WHAT NEEDS TO BE DONE
Exact copies of the lines below are the goal; any images in them are dropped.

START SUPPLIED INFORMATION

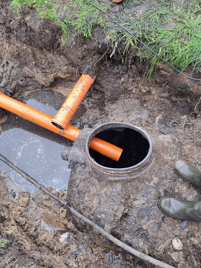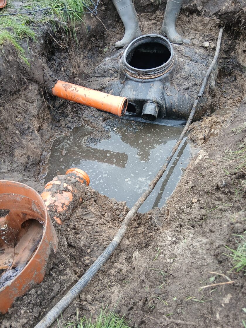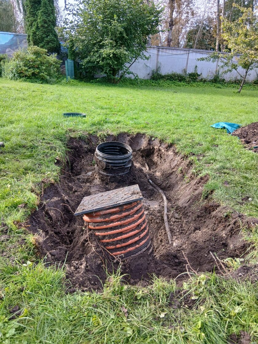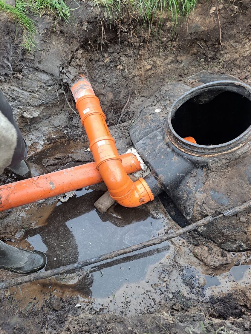 Из-за сильных дождей колодец был размытый и деформировался. Клиент не хотел полностью вскрывать и перестраивать весь колодец, а попросил выполнить ремонтные работы на подводящих трубопроводах. Выяснилось, что все канализационные трубы, которые должны были отводить воду в биологическую очистную систему, поднялись вверх. В результате вода не поступала в резервуар, а скапливалась в самих трубах.
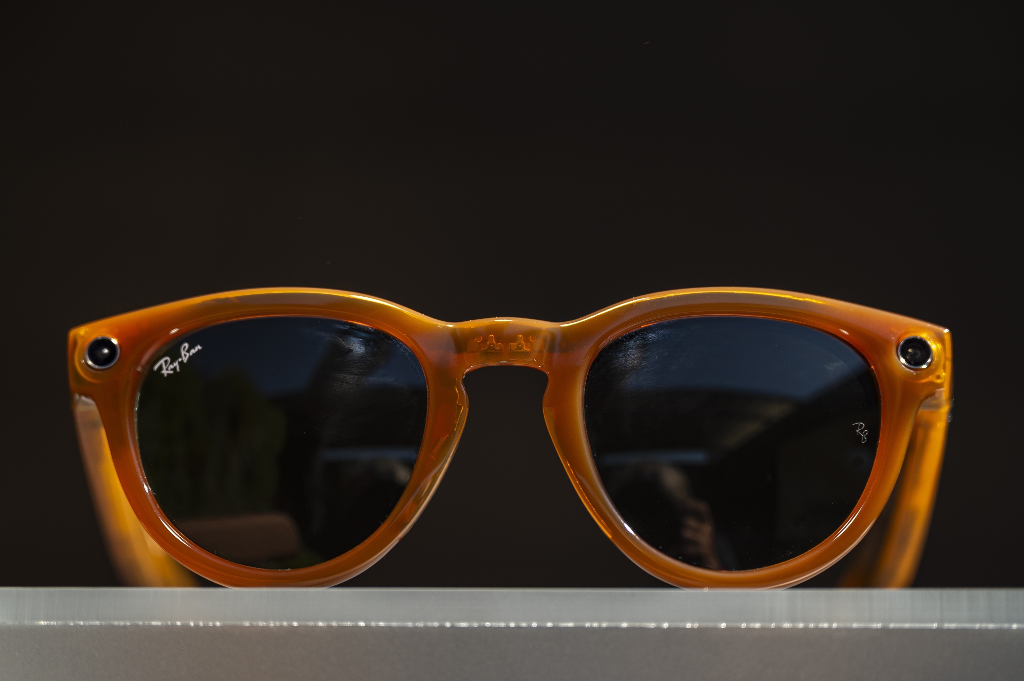 Ray-Ban Meta第二代智能眼镜。摄影师:David Paul Morris/Bloomberg新款式有两种风格——Wayfarer和Headliner——提供标准、偏振、变色和处方镜片选择。售价299美元的眼镜还有不同的尺寸和颜色选项,如光泽、哑光黑色和一款展示内部电子元件的新透明版本。
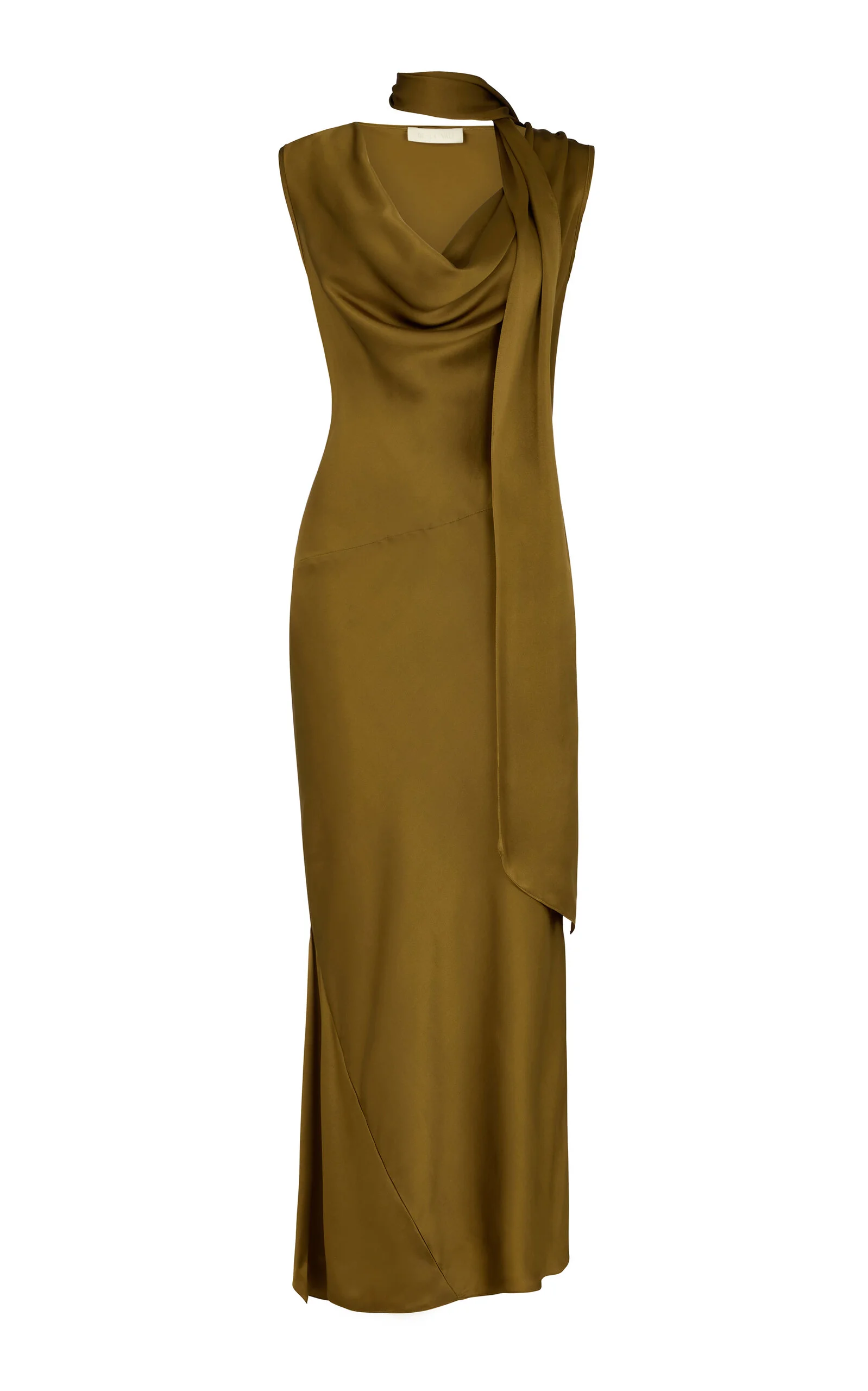 Thebe Draped Satin Midi Dress olive
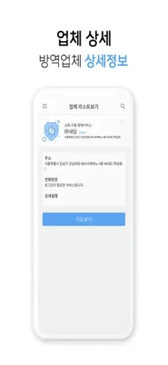 내 주변의 방역 업체를 찾을 수 있는 앱입니다. 약 500개의 업체 중 내 주변에 있는 업체를 찾아 필요한 서비스를 받아보세요~

END SUPPLIED INFORMATION

RESPONSE
 Из-за сильных дождей колодец был размытый и деформировался. Клиент не хотел полностью вскрывать и перестраивать весь колодец, а попросил выполнить ремонтные работы на подводящих трубопроводах. Выяснилось, что все канализационные трубы, которые должны были отводить воду в биологическую очистную систему, поднялись вверх. В результате вода не поступала в резервуар, а скапливалась в самих трубах.
 Ray-Ban Meta第二代智能眼镜。摄影师:David Paul Morris/Bloomberg新款式有两种风格——Wayfarer和Headliner——提供标准、偏振、变色和处方镜片选择。售价299美元的眼镜还有不同的尺寸和颜色选项,如光泽、哑光黑色和一款展示内部电子元件的新透明版本。
 Thebe Draped Satin Midi Dress olive
 내 주변의 방역 업체를 찾을 수 있는 앱입니다. 약 500개의 업체 중 내 주변에 있는 업체를 찾아 필요한 서비스를 받아보세요~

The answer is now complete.